I want to specify a subspace of a high dimension Euclidean space. The subspace consists of those points whose closest proximity to a specified hyperplane is a fixed value r. Here are some examples.

Example 1. Consider a 3D space, and a line (the hyperplane) running though it. The subspace is the surface of cylinder of radius r whose axis is the line.

Example 2. Consider a 3D space, and a plane (the hyperplane) running though it. The subspace consists of the two planes parallel to the original one and a distance r from it.

I want this subspace specified in the form of a locus of points. In other words, a set of parameters uniquely specifies any point in the subspace. For instance in example 1, any point in the subspace could be specified by 3 parameters, e.g.

• one parameter would specify a point on the line
• r would specify a circle radius r, centred on the point and orthogonal to the line
• theta (an angle) would specify a point on that circle. (You would have to define where theta=zero was and the direction of rotation of theta but I don't think you would need more parameters for that, just the adoption of some convention.)

I've been able to specify a b dimensional hyperplane in a b + c dimensional euclidean space (b < b+c), but am now stuck.

What about this. One could start with the polar coordinates for a point on a b dimensional sphere. Covert from polar to Cartesian, to express these b parameters as a b-vector in b dimensional Euclidean space. Place the b dimensional sphere in a b + c dimensional Euclidean space. Place it at position zero in each of the c new dimensions. Now add c parameters which are the positions of the b-sphere in the c new dimensions. You have now created a parameterisation for one example of the desired subspace. The c dimensions are the hyperpane. You can then rotate and translate your c+b parameterisation in c+b dimensional space to make it coincide with any specific c dimensional hyperplane. You set the radius of the b-sphere to a specific value. Your final parameterisation has b+c-1 parameters.

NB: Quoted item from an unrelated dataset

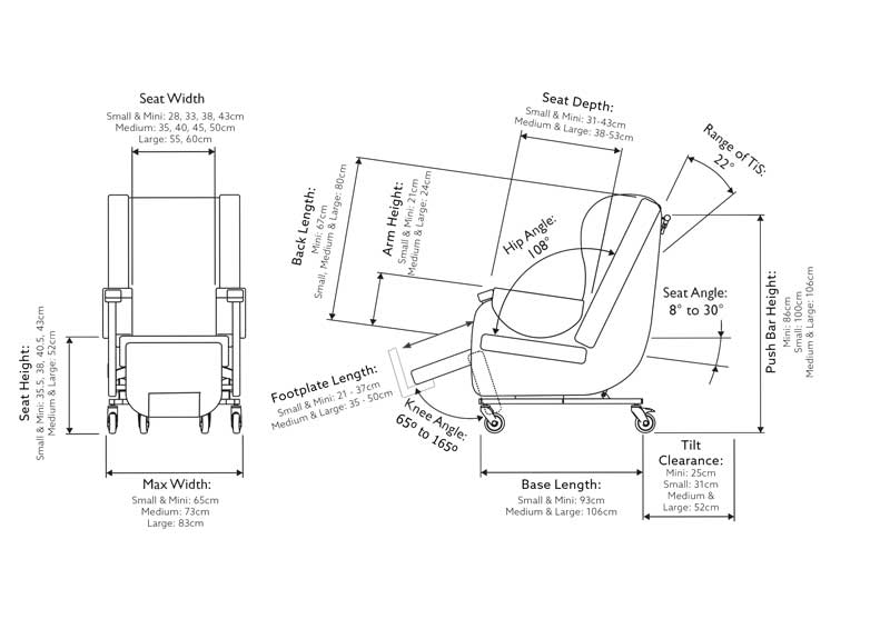 A versatile seating solution designed to cater to a wide range of individual needs, available in mini, small, medium, and large sizes. This chair can be customised with a variety of accessories, ensuring optimal comfort and support. The Tilt-in-Space feature improves pelvic alignment while maintaining hip and knee angles, promoting energy efficiency and facilitating effective pressure redistribution.

• For example 1 would need to specify where the zero for the angle $\theta$ is, depending on the point on the line. – coffeemath Jul 1 '18 at 14:31
• Both of your examples can be represented implicitly by second-degree Cartesian equations. – amd Jul 1 '18 at 17:50
• What, specifically, is your question? – amd Jul 1 '18 at 17:50
• @coffeemath - I have edited the question to reflect your point. – Desmond Campbell Jul 1 '18 at 21:42
• @amd - I want a parameter space such that each point in the parameter space maps to a single point in the subspace (defined above). I guess the inverse is not necessary, a point in the subspace could map to multiple points in the parameter space, e.g.for an angle parameter values 360 degrees apart might map to the same subspace point. However I'd probably restrict the parameter space so as to make the mapping one-to -one in both directions, e.g. 0 <= theta < 360 degrees. – Desmond Campbell Jul 2 '18 at 11:01

You could think about stereographic projection: If you have a linear subspace $U$ of dimension $m$ of a Euclidean vector space $V$ of dimension $n$, you could pick a vector in $U^\bot$, call it $w$, and consider (orthonormal) co-ordinates $(x_1,\ldots,x_{n-1})$ on the space $w^\bot$ orthogonal to $w$, chosen such that $(x_1,\ldots,x_m)$ give co-ordinates on $U$. Now apply the inverse stereographic projection map (you can look up the formula I guess) to the co-ordinates $(x_{m+1},\ldots, x_{n-1})$, and leave the variables $x_1,\ldots,x_m$ fixed. That gives you a map from $\mathbb{R}^{n-1}$ to your locus. Unfortunately this is not quite surjective, and misses out a translate of $U$ in the direction $w$. Still, the formulas are nicer than finding spherical co-ordinates I think.